Your instructions -
The whole listing that follows is to be restated word for word, images excluded.

The data -
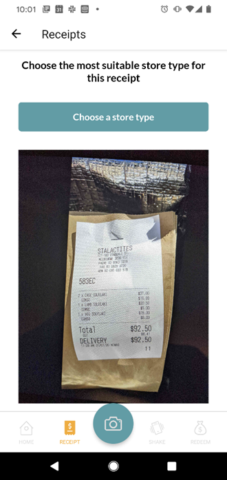 Revise o recibo e toque no botão "escolher tipo de loja"
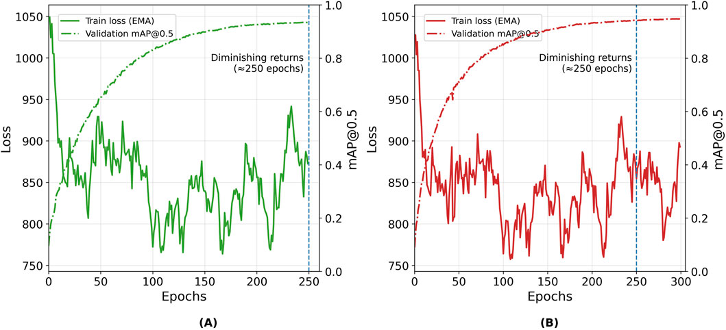 Figure 7. Training box-loss (solid) and validation mAP@0.5 (dashed) versus epochs for YOLOv7-p5 models: (A) Model F (250 epochs) and (B) Model C (300 epochs). The dashed line at 250 epoch indicates the saturation point in learning.
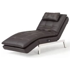 Pemberly Row Faux Leather Convertible Chaise Lounge In Brown
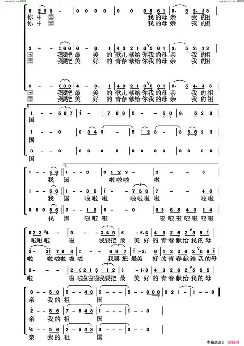 我爱你中国男女三声部合唱简谱1

Answer below -
 Revise o recibo e toque no botão "escolher tipo de loja"
 Figure 7. Training box-loss (solid) and validation mAP@0.5 (dashed) versus epochs for YOLOv7-p5 models: (A) Model F (250 epochs) and (B) Model C (300 epochs). The dashed line at 250 epoch indicates the saturation point in learning.
 Pemberly Row Faux Leather Convertible Chaise Lounge In Brown
 我爱你中国男女三声部合唱简谱1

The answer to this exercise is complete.